News
 

Noch drei Gefangene auf der Flucht

JVA Plötzensee
Vergitterte Fenster der Justizvollzugsanstalt Plötzensee in Berlin. Foto: Paul Zinken

Berlin (dpa/bb) - Nach der Flucht von neun Berliner Strafgefangenen bleiben nur noch drei von ihnen einstweilen verschwunden. In der Berliner Strafanstalt Plötzensee meldeten sich am Mittwochabend zwei Häftlinge zurück, die am 28. Dezember dort ausgebrochen waren.

Das teilte die Senatsverwaltung für Justiz mit. Damit sind drei der vier damaligen Ausbrecher wieder hinter Schloss und Riegel. Der Dritte hatte sich am Vortag in Begleitung seines Anwalts gestellt.

Außer nach dem Vierten aus dem Ausbrecherquartett fahnden die Behörden jetzt noch nach zwei Häftlingen, die aus dem offenen Bereich des Gefängnisses Plötzensee entwichen waren. In diesem sitzen Männer ein, die eine Geldstrafe nicht zahlen können und deshalb eine Ersatzfreiheitsstrafe verbüßen.

Justizsenator Dirk Behrendt (Grüne) hatte vormittags bei einem Ortstermin in Plötzensee Rücktrittsforderungen der Opposition zurückgewiesen. Er sprach mit Blick auf den geschlossenen Teil der Strafanstalt von «Schwachstellen in der Alarmzentrale». Demnach wurde dort kein Alarm ausgelöst.

Im besten Politiker-Sprech umschrieb der Senator das Problem so: «Die Frage ist, ob die Sicherheitstechnik optimal programmiert war.» Es gebe zwar viele Kameras. «Die Herausforderung ist, dass die Bilder auf der Monitorleinwand zu sehen sind.»

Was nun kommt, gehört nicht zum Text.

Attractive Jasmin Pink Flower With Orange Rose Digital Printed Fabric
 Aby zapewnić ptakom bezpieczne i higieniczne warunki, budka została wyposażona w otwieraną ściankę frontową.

Am vergangenen Donnerstag waren vier Männer aus einem Nebenraum der Kfz-Werkstatt des Gefängnisses ausgebrochen, indem sie mit einem Hammer und einer Flex eine Lüftungsklappe öffneten. Den Alarm habe die Werkstatt ausgelöst, hieß es. Warum der Raum nicht wie vorgeschrieben abgeschlossen war, werde noch untersucht. Ein Täter, der wegen Erpressung verurteilt ist, hat sich inzwischen gestellt. Er soll in eine andere Anstalt verlegt werden.

Fünf Männer waren aus dem offenen Vollzug «entwichen», am Mittwoch wurde der dritte gefasst. Es wurde darauf verwiesen, dass «Ersatzfreiheitsstrafer» nur in Haft seien, weil sie etwa Geldstrafen wegen Schwarzfahrens nicht zahlen konnten. Es gebe geringere Sicherheitsstandards, weil sie keine gefährlichen Kriminellen seien.

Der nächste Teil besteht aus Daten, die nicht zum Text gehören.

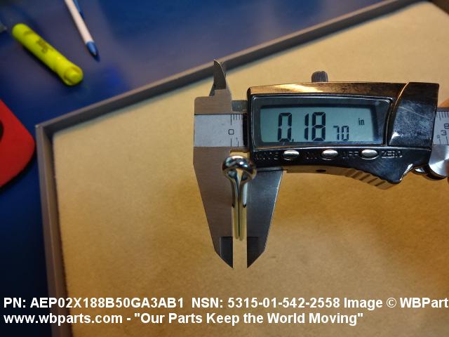 Part Alternates: AEP02X188B50GA3A71 , AEP02X188B50GA3AB1, ASME B18.24 , ASMEB1824, P810NAB018250003NNCD2, 5315-01-542-2558, 01-542-2558, 5315015422558, 015422558
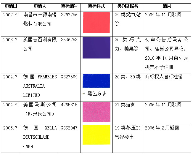 我國現(xiàn)有的商標(biāo)法將單一顏色排除在被列舉的可予注冊標(biāo)志的范圍之外。作為成文法國家,由于沒有明確的法律授權(quán),商標(biāo)審查機(jī)關(guān)在實(shí)踐中實(shí)際上排除了單一顏色作為商標(biāo)注冊的可能性。我國擁有世界上第二大商標(biāo)注冊簿,但至今尚無一例單一顏色申請獲準(zhǔn)注冊。如下圖所示,自2002年起就至少有5件單一顏色商標(biāo)注冊申請,首次提出單一顏色申請的并非外國企業(yè)而是江西南昌某石油化工企業(yè);但除了英國吉百利有限公司的注冊申請?jiān)怀鯇徆?、但隨后由于他人異議決定不予注冊之外,對于其他單一顏色的注冊申請,商標(biāo)局均是直接予以駁回。
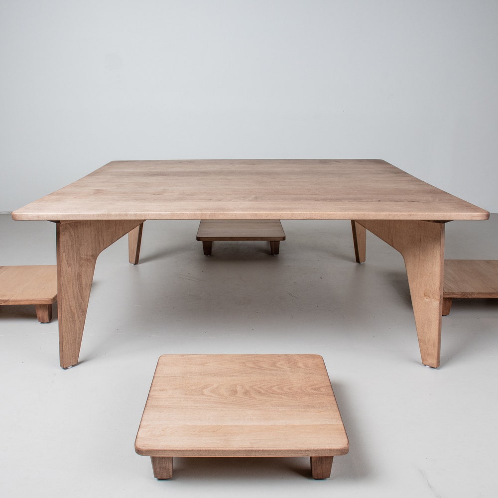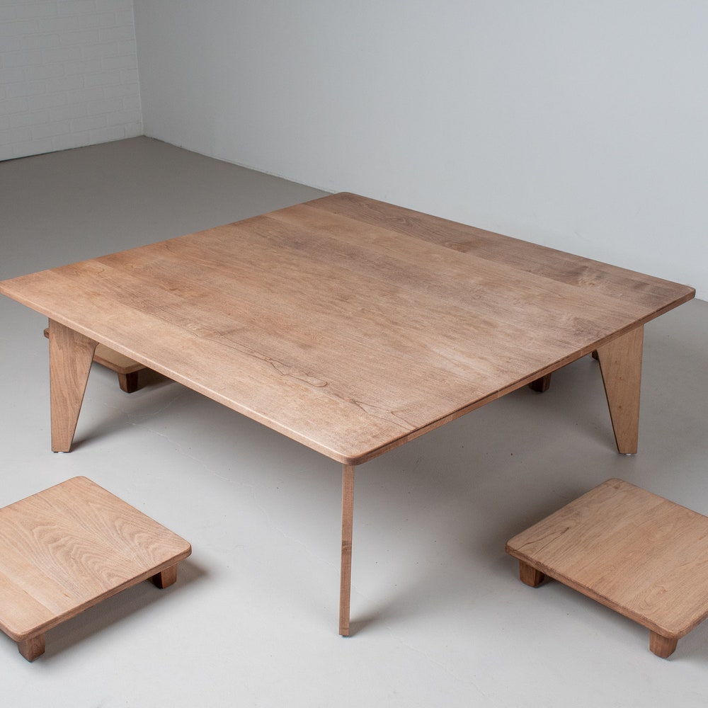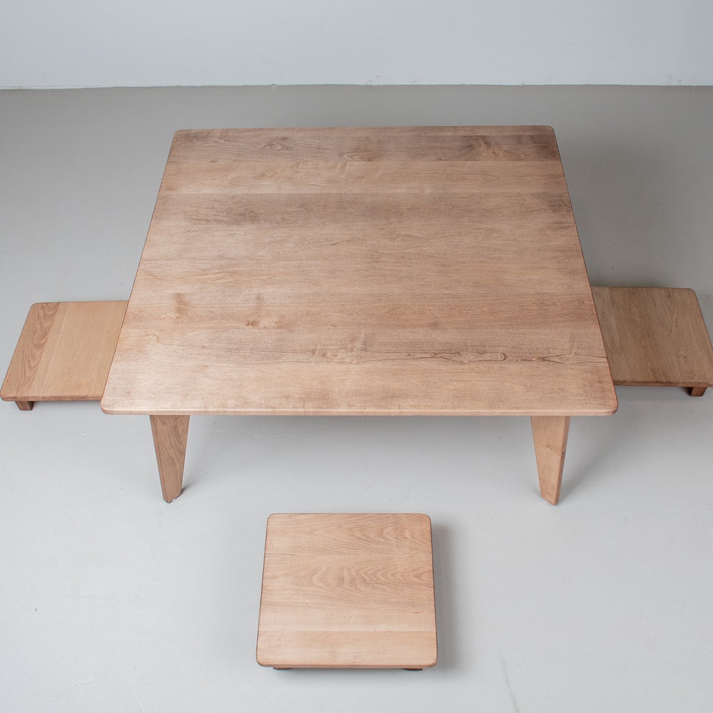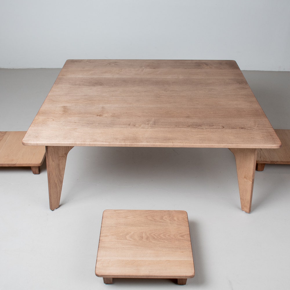 Custom Coffee Table Height Dining Set, Maple Wood Coffee Table with Stools, Modern Coffee Table Set, Custom Coffee Table and Bench Seats

Bei einem Rundgang durch Haus G des Gefängnisses Plötzensee wiesen Anstaltsleiter Uwe Meyer-Odenwald und Vollzugsdienstleiter Michael Augustin am Mittwoch auf Fenster ohne Gitter und die Möglichkeit hin, die Geldstrafe abzuarbeiten. Es gibt hier auch keine Mauern. Ob die fünf Entwichenen Arbeit hatten, war nicht bekannt.

Laut Senator sind die Unterschiede zwischen offenem und geschlossenem Vollzug gesetzlich vorgeschrieben. Die knappen Finanzen würden vorrangig für die Sicherheit im geschlossenen Strafvollzug eingesetzt. Jetzt gebe es aber auch im offenen Vollzug mehr Personal für die Sicherung - auch nachts.

Die CDU-Opposition hatte die neun Fluchten in fünf Tagen als «einmaligen Skandal in der Rechtsgeschichte» gewertet. Behrendt lehnte bei dem Termin die Rücktrittsforderungen der Opposition ab. In der kommenden Woche werde er im Parlament Rede und Antwort stehen. Jetzt stehe Aufklärung im Vordergrund. Noch in dieser Woche beginne eine externe Kommission mit der Arbeit. Sie soll die Ursachen besonders der vier aus dem geschlossenen Strafvollzug Entkommenen aufklären. Zudem beginne noch im Januar eine Schwachstellenanalyse durch ein Sicherheitsbüro.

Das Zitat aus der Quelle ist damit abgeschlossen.